Perkins and Hayes, even when they’re playing by certain fairy tale rules, are not eager to explain everything. The formula is there, yes, but the film deliberately slows itself down whenever those expecting the traditional narrative think things should be speeding up. Instead of showing us a scheming, wily and virtuous young woman trying to beat an old witch, it shows us that same young woman wanting to be a witch herself, if not exactly the same kind of witch. We linger in that space for a long time until the story finally resolves itself in the closing minutes, and while it would have been quite easy for Gretel & Hansel to lean into a Witchy Girlboss vibe through its exploration of gender roles and emerging womanhood, it refuses to be that simple. Gretel’s rise into her own power happens more intuitively and less narratively, more magical thinking than magical system. It helps that we’ve got Lillis and Krige’s wonderful performances to carry us through certain more abstract (though nevertheless frightening) sequences along the way, but in the end the film still refuses to clarify every plot point, or answer every question.
This, I’d argue in opposition to all those earlier assessments, is also a feature of Gretel & Hansel, not a bug. In fact, it’s the feature. It’s the embodiment of the “think less, know more” theme informing the characters, their magic, and more importantly, Oz Perkins’ larger body of work.
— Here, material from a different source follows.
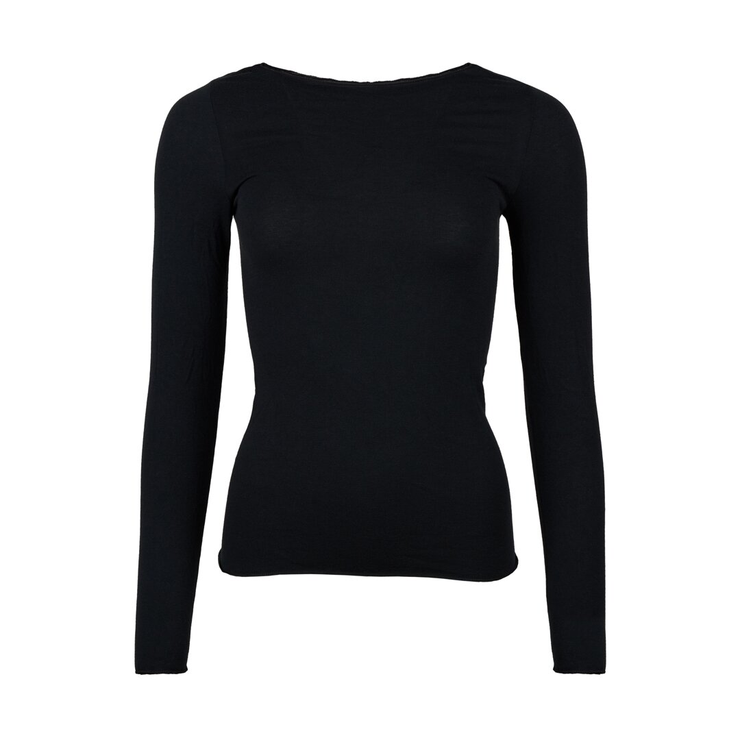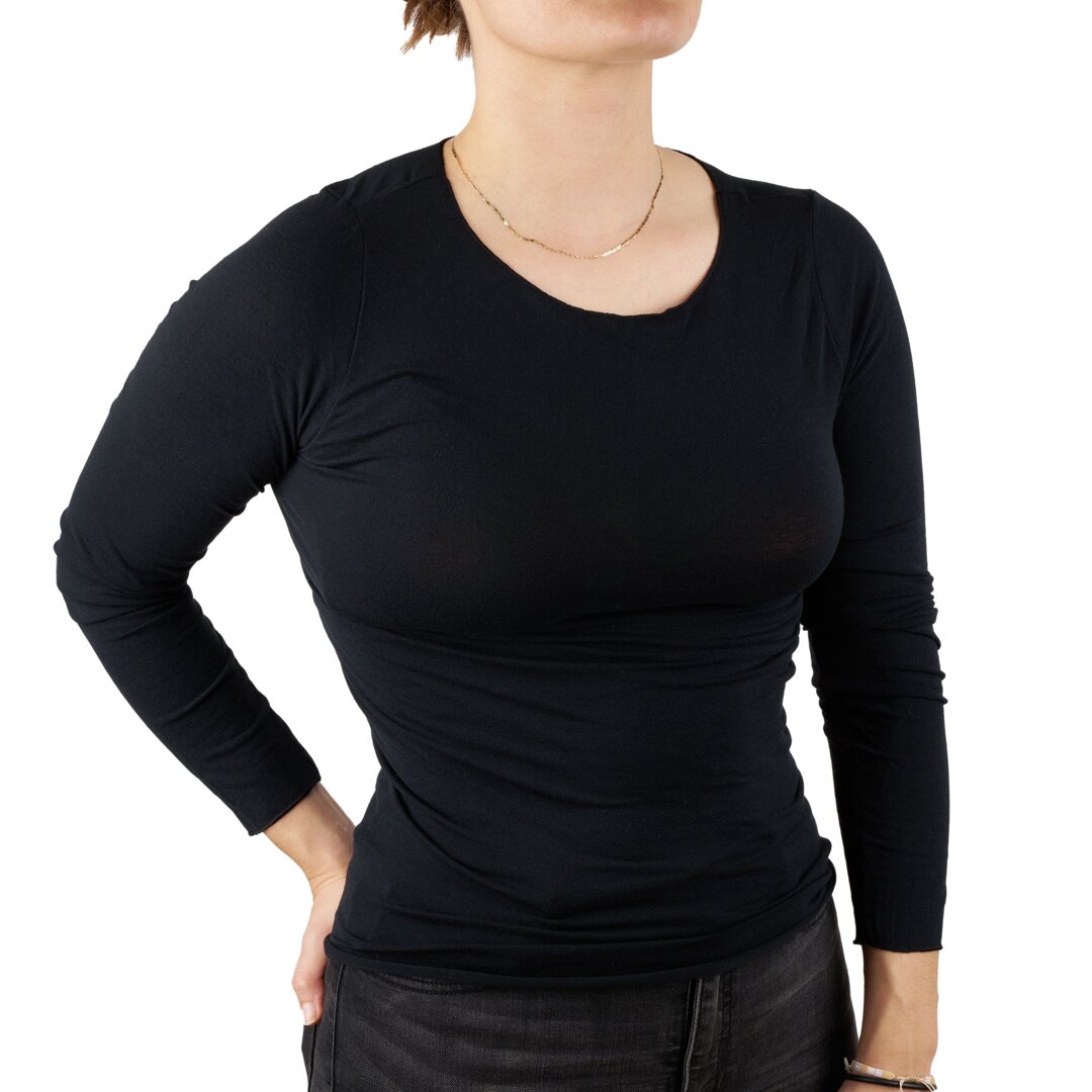 A tight-fitting T-shirt is great as a separate elegant top, but also as a warm undergarment for winter. The natural fibers modal and cashmere combine well with the man-made fibers that give the material durability, flexibility and increase its life.

We talk about fear of the unknown in horror quite a lot, the idea that there are things lurking under the surface of this world that would drive us mad, but this is not that kind of horror. This is horror about people who can see the unknown, touch it, manipulate it, yet still don’t have a rational explanation for why. Gretel & Hansel is not about the terror of knowing something, but the terror of knowing something without so much as a thought, and then contending with what that knowledge means for you. Feeling like you’re losing control of your own mind and your own body is, of course, a powerful metaphor for adolescence, but it’s also a universally potent horror device. If you know you can kill someone with a thought, but you don’t know why, things can get very scary, very fast. This is the particular terror that Perkins conjures in Gretel & Hansel, birthed from the same sense of magical thinking and dreamy discovery that lurks in his other horror films.